Bitter, template based syntax highlighter

Way back in 2008 I started writing a syntax highlighter with the goal of making is both easy to use and easy to develop, not an easy task by any measure.

About Bitter

Over the past few years I've made many attempts at writing experimental syntax highlighter, one used XML files to define syntax, another was basically a bunch of PHP classes and some crazy looping constructs.

None of them really satisfied me. They where all too hard to maintain, and too hard to actually make use of, so I gave up, for a little while at least.

I started thinking about the subject again when it became clear that Symphony needed a new syntax highlighter, one that I would probably be maintaining.

The more I thought about it, the more a functional language seemed to be the solution, something like XSLT, only instead of matching XML nodes with XPath, it would match syntax with regular expressions.

So that's what I did, on and off from the December 2008 until early June 2009, I took what I could from my previous projects and hacked together something better. Since then until a few days ago (about the time I rebuilt this website), the project has basically been stagnant.

So here's a quick introduction to what Bitter is all about:

Languages

Languages are the 'functional programming' bit I was talking about earlier, here is a very simple language definition that highlights any acronyms in a piece of text:

<?php
	
	Bitter::rule(
		Bitter::id('acronyms'),
		Bitter::tag('context-text acronyms'),
		Bitter::match('.*'),
		
		Bitter::rule(
			Bitter::id('acronyms-found'),
			Bitter::match('\b[A-Z]+\b')
			Bitter::tag('acronym')
		)
	);
	
?>

So basically you define an all encompassing rule (acronyms) that matches any text (.*) which then applies a second rule that matches any sequence of more than one uppercase letters.

A 'tag' in this instance is a space separated list of class names to use when outputting the highlighted source.

So if you gave it this:

TODO: Find some ammusing witticism that contain acronyms. Oh darn.

It would output this:

<span class="context-text acronyms"><span class="acronym">TODO:</span> Find some amusing witticism that contain acronyms. Oh darn.</span>

At some point I'll write a full tutorial on how to create new language files for Bitter, for now you'll have to content yourself with this short example and the languages that I've already written as part of the project.

Formats

Bitter also has a post highlighting formatter stage, it exists so that you can change the output to suit your needs. One example of this is the Symphony debug page, which splits the output into lines with line numbers.

Another would be a simple conversion from tabs into spaces:

<?php
	
	require_once BITTER_FORMAT_PATH . '/default.php';
	
	class BitterFormatTabsizeTwo extends BitterFormatDefault {
		protected $tabsize = 2;
		
		public function process($source) {
			$this->output = $source;
			
			$this->processTabs();
			$this->processLines();
			
			return $this->output;
		}
	}
	
	return new BitterFormatTabsizeTwo();
	
?>

As you can see, tab conversion is built in, as is wrapping of lines with spans. You can of course override the defaults at any time.

Usage

You can use Bitter directly in PHP by creating an instance of the Bitter class, this does have some disadvantages however, because highlighting is quite a CPU expensive process you may end up delaying your page from being sent by several seconds.

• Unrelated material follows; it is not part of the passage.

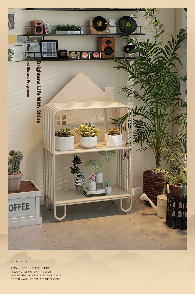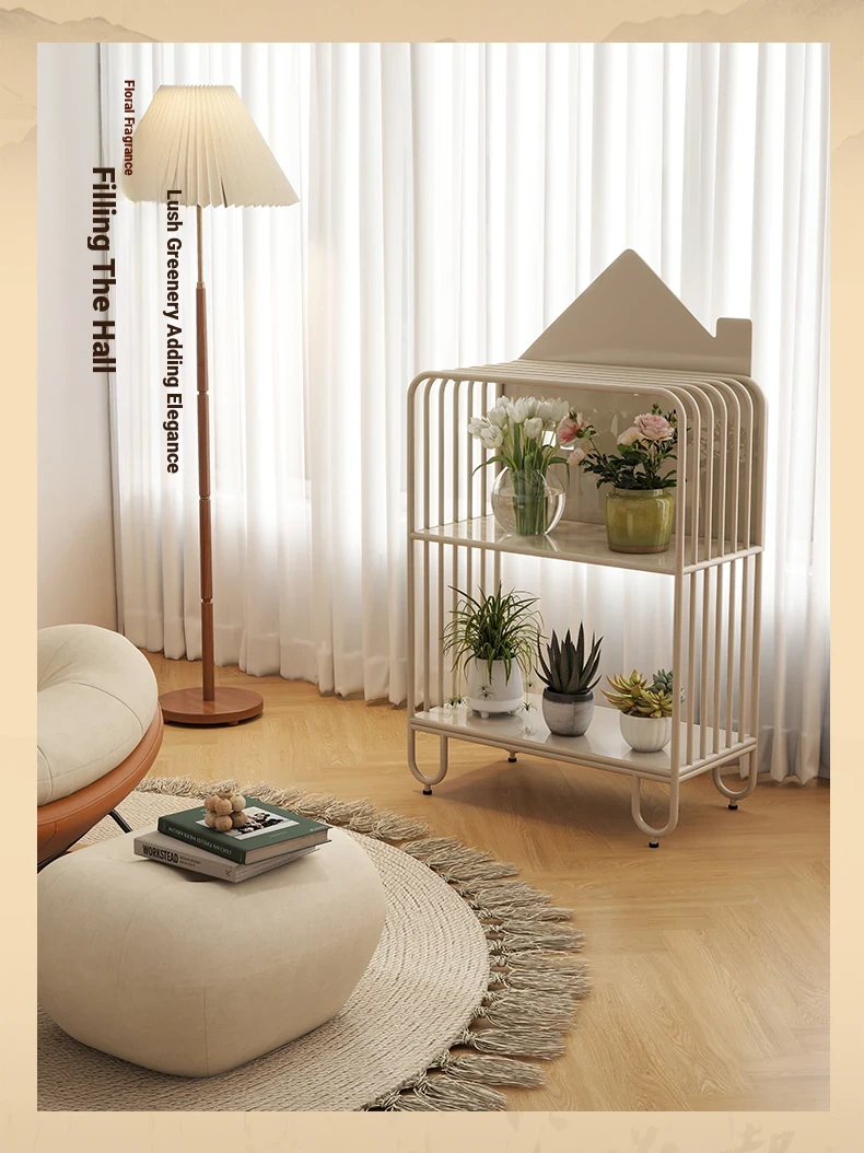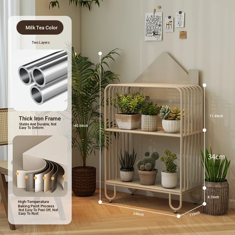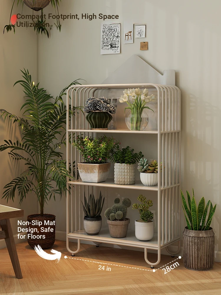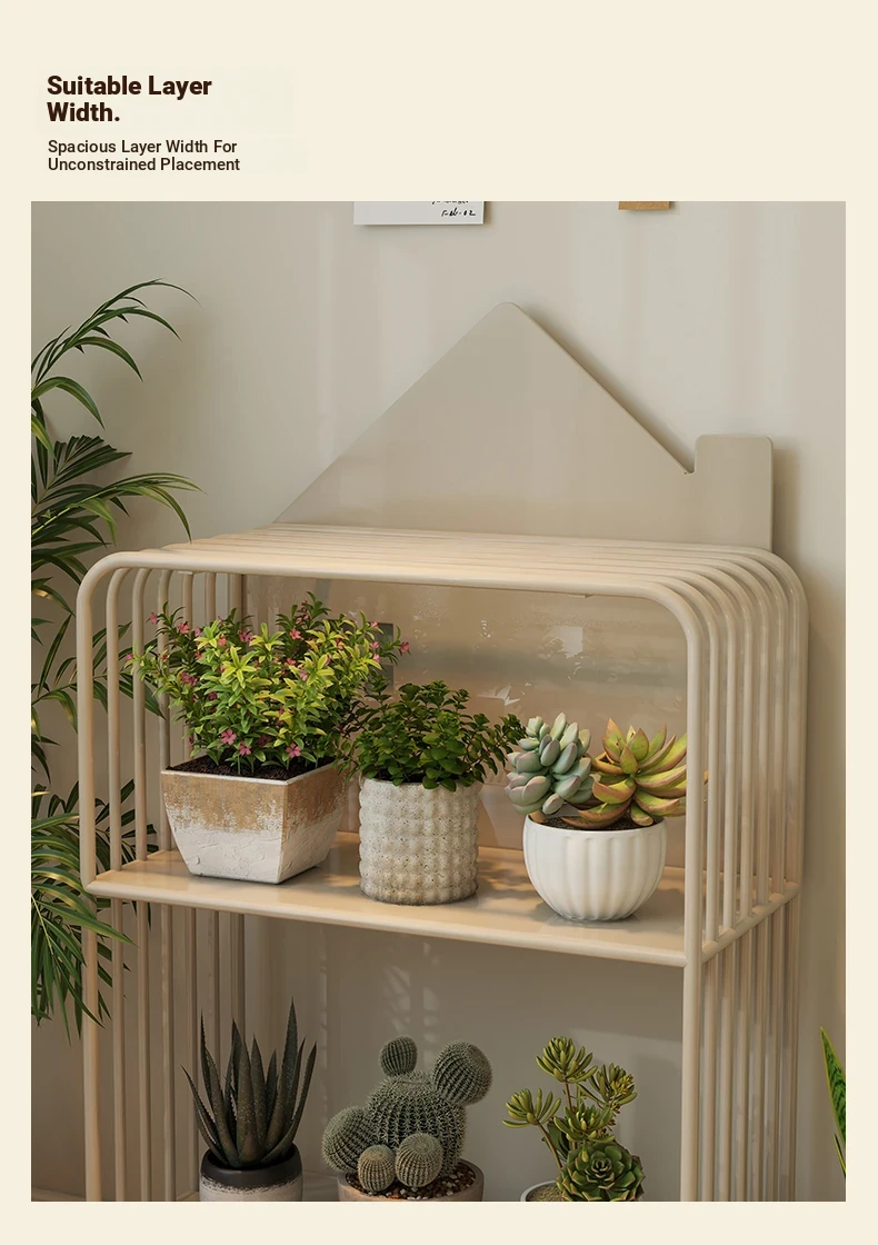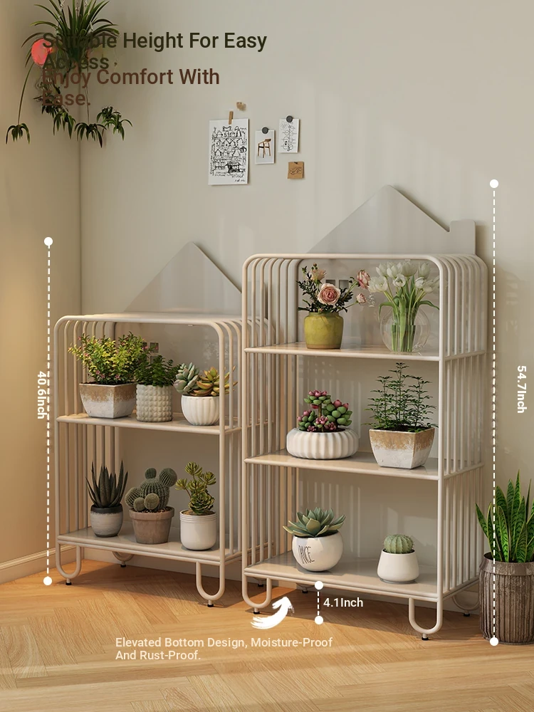 Multi-Tier Plant Stand - Creamy Minimalist Floor Iron Flower Rack for Balcony and Living Room, Spacious Storage Solution for Your Greenery

Because of this you're better off using the jQuery plugin, which sends AJAX requests to a small PHP script.

Put this in your sites HTML, after you include the jQuery library:

<script type="text/javascript" src="assets/jquery.bitter.js"></script>

Then in your sites JavaScript:

$(document).ready(function() {
	// Point it at the HTTP handler:
	$.fn.bitter.defaults.handler = 'assets/jquery.bitter.php';
	
	// Use the 'tabsize-4' format:
	$.fn.bitter.defaults.format = 'tabsize-4';
	
	// Tell it what to highlight:
	$('pre.language-css').bitter({
		language:	'css'
	});
	$('pre.language-js').bitter({
		language:	'js'
	});
	
	// ...
});

After doing that you'll need to style the output, however I'll leave that to your imagination. You can find some more complete examples in the Bitter repository.

Thoughts

That concludes this quick introduction to Bitter, which is currently used to highlight snippets of itself on this blog, oh and handles the Symphony debug experience too.

I hope you're game to give it a try, any suggestions, criticisms or questions are more than welcome.

Share your thoughts...

Wilhelm Murdoch wrote on :

Nice! REAL nice! :D

craig zheng wrote on :

Brilliant. Been hoping for this sort of intro from you. Thanks.